Chiral sugar derivatives are potential cyclitol surrogates of the Ca2+-mobilizing intracellular messenger d-myo-inositol 1,4,5-trisphosphate [Ins(1,4,5)P3]. Six novel polyphosphorylated analogues derived from both d- and l-glucose were synthesized. Binding to Ins(1,4,5)P3 receptors [Ins(1,4,5)P3R] and the ability to release Ca2+ from intracellular stores via type 1 Ins(1,4,5)P3Rs were investigated. β-d-Glucopyranosyl 1,3,4-tris-phosphate, with similar phosphate regiochemistry and stereochemistry to Ins(1,4,5)P3, and α-d-glucopyranosyl 1,3,4-tris-phosphate are full agonists, being equipotent and 23-fold less potent than Ins(1,4,5)P3, respectively, in Ca2+-release assays and similar to Ins(1,4,5)P3 and 15-fold weaker in binding assays. They can be viewed as truncated analogues of adenophostin A and refine understanding of structure-activity relationships for this Ins(1,4,5)P3R agonist. l-Glucose-derived ligands, methyl α-l-glucopyranoside 2,3,6-trisphosphate and methyl α-l-glucopyranoside 2,4,6-trisphosphate, are also active, while their corresponding d-enantiomers, methyl α-d-glucopyranoside 2,3,6-trisphosphate and methyl α-d-glucopyranoside 2,4,6-trisphosphate, are inactive.
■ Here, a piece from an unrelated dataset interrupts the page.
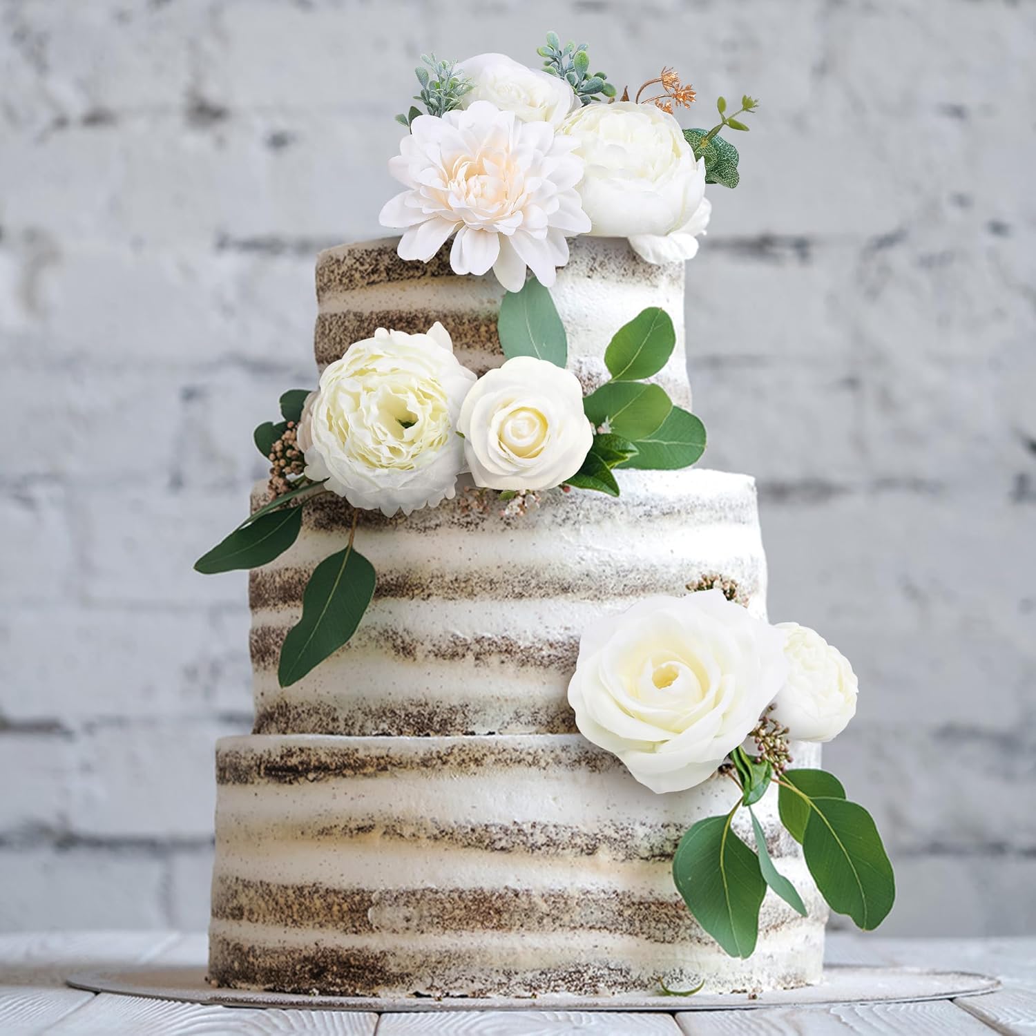 AGIRL Artificial Flowers Combo Fake Flowers Rose Silk Flowers with Stems for DIY Wedding Bouquets Centerpieces Arrangements Table Decor Bridal Baby Shower Party Home Decor (Cream White)

Interestingly, both l-glucose-derived ligands are partial agonists: they are among the least efficacious agonists of Ins(1,4,5)P3R yet identified, providing new leads for antagonist development.

Item Type:	Article
Faculty \ School:	Faculty of Science > School of Biological Sciences
UEA Research Groups:	Faculty of Science > Research Groups > Molecular Microbiology Faculty of Science > Research Groups > Plant Sciences
Related URLs:	http://www.scopus.com/inward/record.url?...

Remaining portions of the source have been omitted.